▶ [DATASET EXCERPTS]

'''

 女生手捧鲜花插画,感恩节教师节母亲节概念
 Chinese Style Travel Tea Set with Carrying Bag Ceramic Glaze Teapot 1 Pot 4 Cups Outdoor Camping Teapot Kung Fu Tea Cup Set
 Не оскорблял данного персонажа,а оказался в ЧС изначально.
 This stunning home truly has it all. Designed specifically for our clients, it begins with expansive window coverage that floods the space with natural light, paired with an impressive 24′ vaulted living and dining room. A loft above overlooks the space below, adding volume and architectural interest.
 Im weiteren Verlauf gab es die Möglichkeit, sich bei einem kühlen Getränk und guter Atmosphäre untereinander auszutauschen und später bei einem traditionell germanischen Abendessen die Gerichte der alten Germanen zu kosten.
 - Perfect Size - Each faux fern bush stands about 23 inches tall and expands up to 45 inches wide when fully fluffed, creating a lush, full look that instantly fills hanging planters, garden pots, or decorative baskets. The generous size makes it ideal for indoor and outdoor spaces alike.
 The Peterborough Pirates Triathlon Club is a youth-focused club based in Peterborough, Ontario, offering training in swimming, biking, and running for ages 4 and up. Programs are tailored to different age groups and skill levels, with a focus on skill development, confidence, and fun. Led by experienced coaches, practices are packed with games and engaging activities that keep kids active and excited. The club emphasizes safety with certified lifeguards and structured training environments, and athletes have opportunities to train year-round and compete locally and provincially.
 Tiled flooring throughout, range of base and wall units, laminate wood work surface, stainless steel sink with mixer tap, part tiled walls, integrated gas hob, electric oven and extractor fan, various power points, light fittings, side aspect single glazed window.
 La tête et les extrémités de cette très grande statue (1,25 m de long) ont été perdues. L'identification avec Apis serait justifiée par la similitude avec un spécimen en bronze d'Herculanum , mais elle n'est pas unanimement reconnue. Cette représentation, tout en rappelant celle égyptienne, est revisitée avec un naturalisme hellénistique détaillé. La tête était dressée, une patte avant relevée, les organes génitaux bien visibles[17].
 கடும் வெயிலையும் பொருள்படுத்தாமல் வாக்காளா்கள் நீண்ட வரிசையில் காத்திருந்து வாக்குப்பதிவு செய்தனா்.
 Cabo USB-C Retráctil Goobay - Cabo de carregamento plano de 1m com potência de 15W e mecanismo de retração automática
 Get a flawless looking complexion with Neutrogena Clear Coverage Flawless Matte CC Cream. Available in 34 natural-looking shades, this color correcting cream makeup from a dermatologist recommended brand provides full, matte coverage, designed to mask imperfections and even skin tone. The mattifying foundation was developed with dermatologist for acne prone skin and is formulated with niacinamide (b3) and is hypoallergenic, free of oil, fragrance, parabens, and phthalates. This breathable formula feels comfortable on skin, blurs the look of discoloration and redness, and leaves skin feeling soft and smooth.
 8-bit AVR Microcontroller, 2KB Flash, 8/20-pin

'''

▶ [WORK TO COMPLETE]
Once the line with "கடும் வெயிலையும் பொருள்படுத்தாமல்" is found, transcribe it and each line after it through the final line of the entries, exactly and only.

▶ [RESULT]
 கடும் வெயிலையும் பொருள்படுத்தாமல் வாக்காளா்கள் நீண்ட வரிசையில் காத்திருந்து வாக்குப்பதிவு செய்தனா்.
 Cabo USB-C Retráctil Goobay - Cabo de carregamento plano de 1m com potência de 15W e mecanismo de retração automática
 Get a flawless looking complexion with Neutrogena Clear Coverage Flawless Matte CC Cream. Available in 34 natural-looking shades, this color correcting cream makeup from a dermatologist recommended brand provides full, matte coverage, designed to mask imperfections and even skin tone. The mattifying foundation was developed with dermatologist for acne prone skin and is formulated with niacinamide (b3) and is hypoallergenic, free of oil, fragrance, parabens, and phthalates. This breathable formula feels comfortable on skin, blurs the look of discoloration and redness, and leaves skin feeling soft and smooth.
 8-bit AVR Microcontroller, 2KB Flash, 8/20-pin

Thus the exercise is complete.